One gave Akiva a look like he’d gotten lost on the way to somewhere else, even if he’d designed each of the thirty-six slides Sue was about to present. He tucked the tzitzit fringing the corners of his clothes into his waistband and tried not to let his answering smile turn into a glare.

He was wearing a name tag, the peel-off kind on which he’d markered Spencer Lattimore. The beauty of an alias was that he could disappear whenever he wanted, even if people now knew that Spencer Lattimore was a tall pale guy who occasionally used his tzitzit like a fidget toy.

He was contemplating the logistics of how best he could fade into the woodwork when two things happened: bookstore staff called the room to order and Eitan ducked in the door.

Fuck. Well, so much for this going smoothly.

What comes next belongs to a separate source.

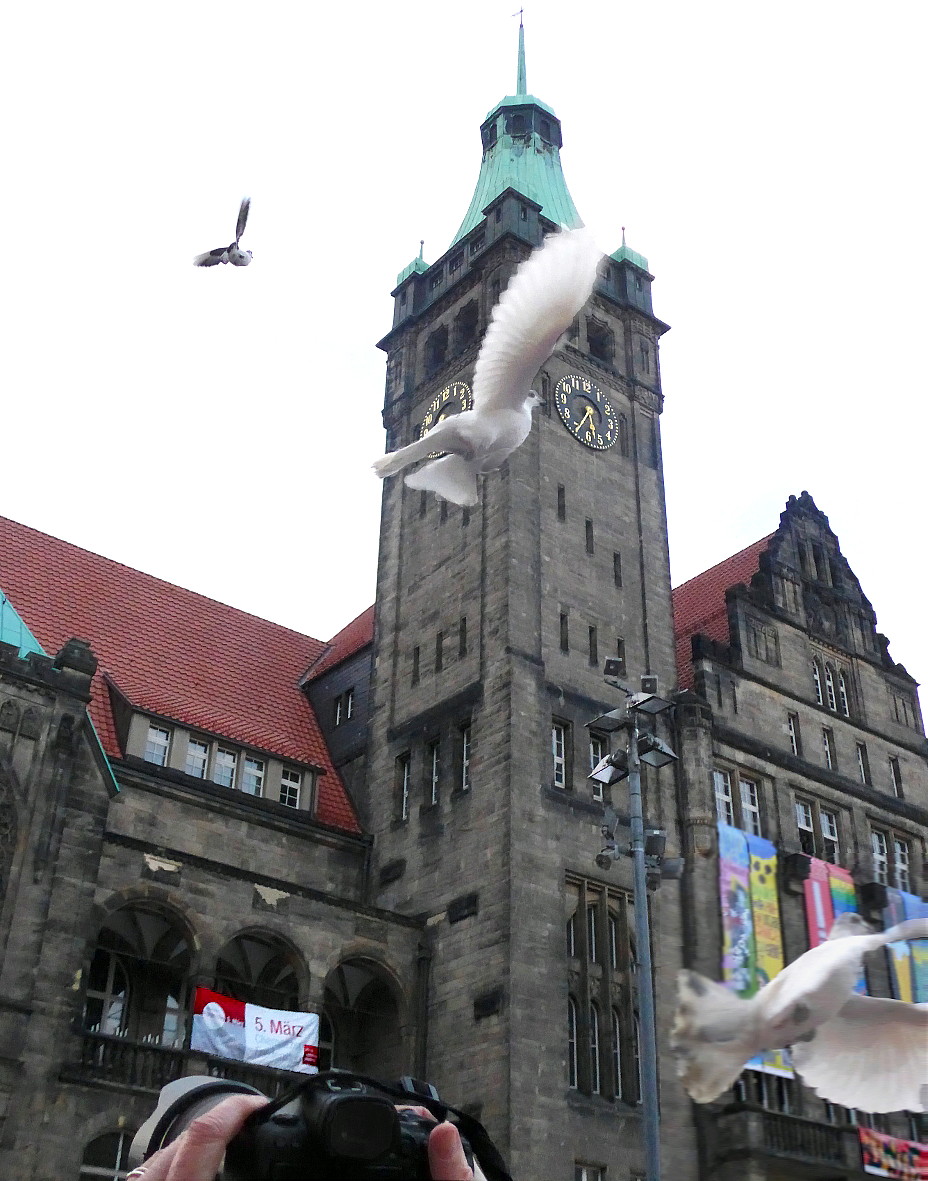 - Friedenstauben vor dem Rathaus, Foto: Stephan Weingart

To Akiva’s dismay, Eitan spotted him immediately.

“Hey!” Eitan whispered. Or almost whispered. Shouted, really. He settled himself in one of the two empty chairs in the back row—right next to Akiva. He wasn’t wearing anything obviously Cosmos-branded so was just a handsome athlete in a room full of people, a few of whom swiveled with an Is that…? No, it couldn’t be. He smiled, guilelessly, and folded his hands on his lap.

It’d be petty for Akiva to scooch his chair away, but that was what he did, moving to all of two inches from Eitan where he could think more clearly. “What are you doing here?” Akiva spit.

“Nice to see you too…” He eyed Akiva’s name tag. “Spencer.”